[DIRECTIONS FOR THIS TASK]: All of the listing must be given again exactly, except that the images are dropped.

──────── SUPPLIED RECORDS ────────

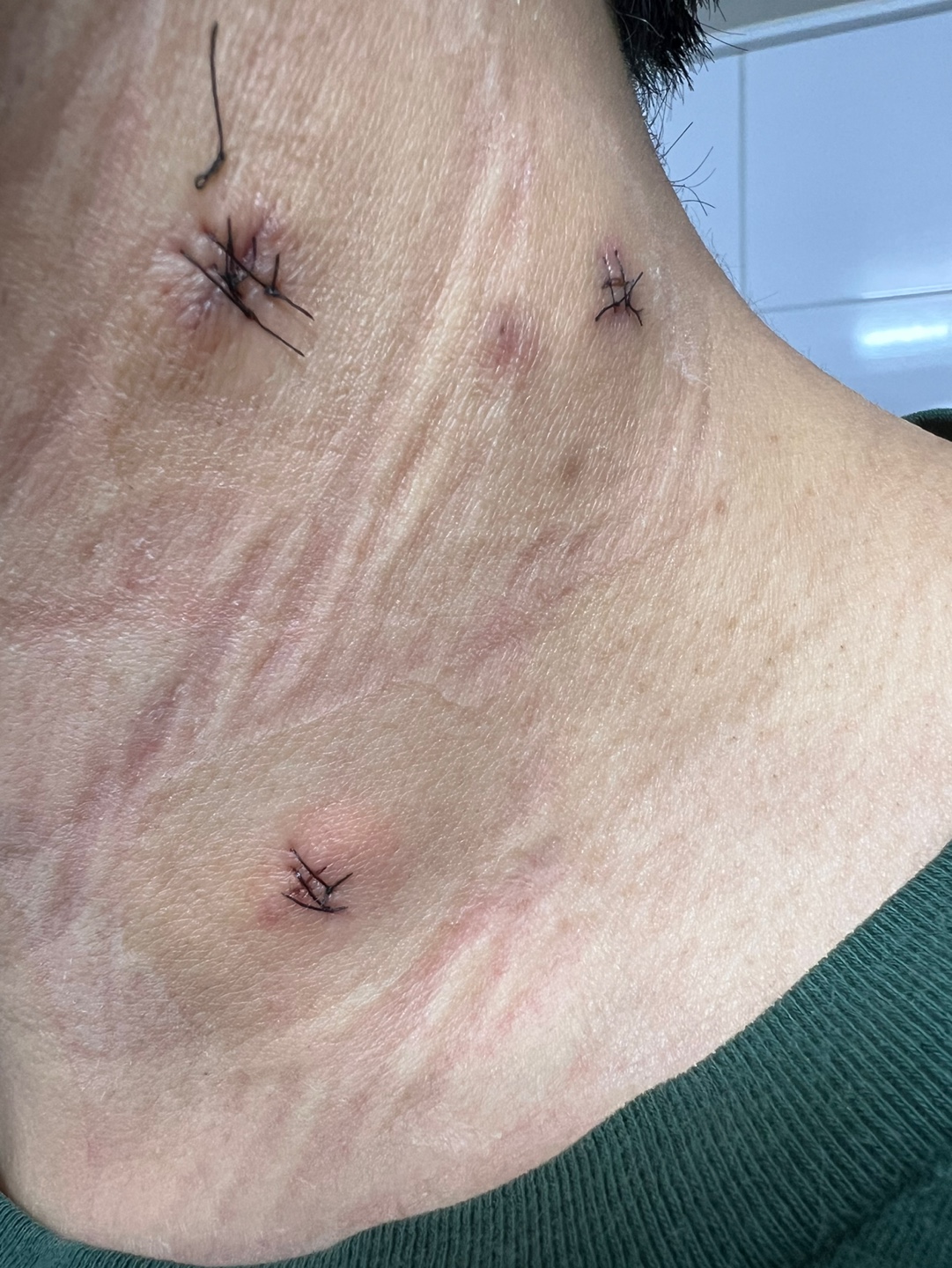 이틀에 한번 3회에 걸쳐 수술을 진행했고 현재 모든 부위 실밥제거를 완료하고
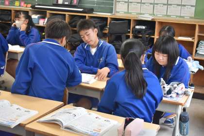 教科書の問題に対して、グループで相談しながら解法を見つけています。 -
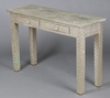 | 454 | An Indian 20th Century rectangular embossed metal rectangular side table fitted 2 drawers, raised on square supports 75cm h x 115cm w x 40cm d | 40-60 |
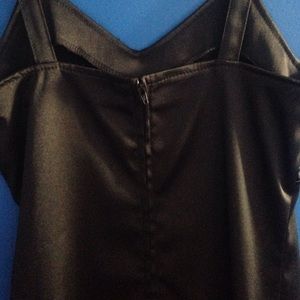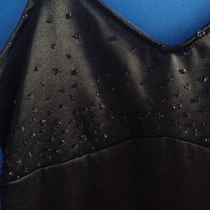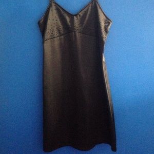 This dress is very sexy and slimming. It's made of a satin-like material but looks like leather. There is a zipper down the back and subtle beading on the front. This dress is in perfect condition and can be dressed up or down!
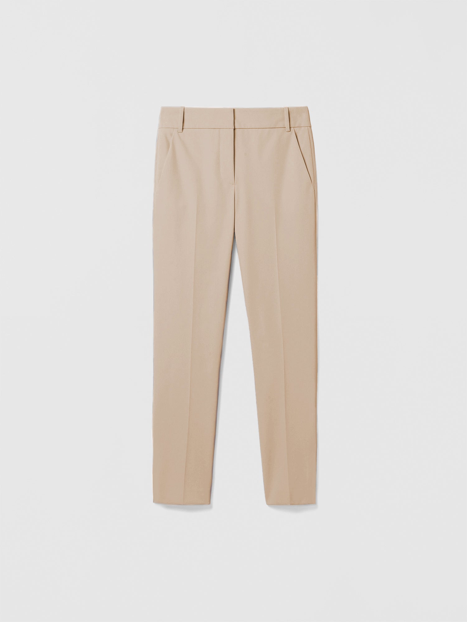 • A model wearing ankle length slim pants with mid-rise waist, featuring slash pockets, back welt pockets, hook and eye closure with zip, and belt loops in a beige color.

────────

[ANSWER FOR THE TASK]:
 이틀에 한번 3회에 걸쳐 수술을 진행했고 현재 모든 부위 실밥제거를 완료하고
 教科書の問題に対して、グループで相談しながら解法を見つけています。 -
 | 454 | An Indian 20th Century rectangular embossed metal rectangular side table fitted 2 drawers, raised on square supports 75cm h x 115cm w x 40cm d | 40-60 |
 This dress is very sexy and slimming. It's made of a satin-like material but looks like leather. There is a zipper down the back and subtle beading on the front. This dress is in perfect condition and can be dressed up or down!
 • A model wearing ankle length slim pants with mid-rise waist, featuring slash pockets, back welt pockets, hook and eye closure with zip, and belt loops in a beige color.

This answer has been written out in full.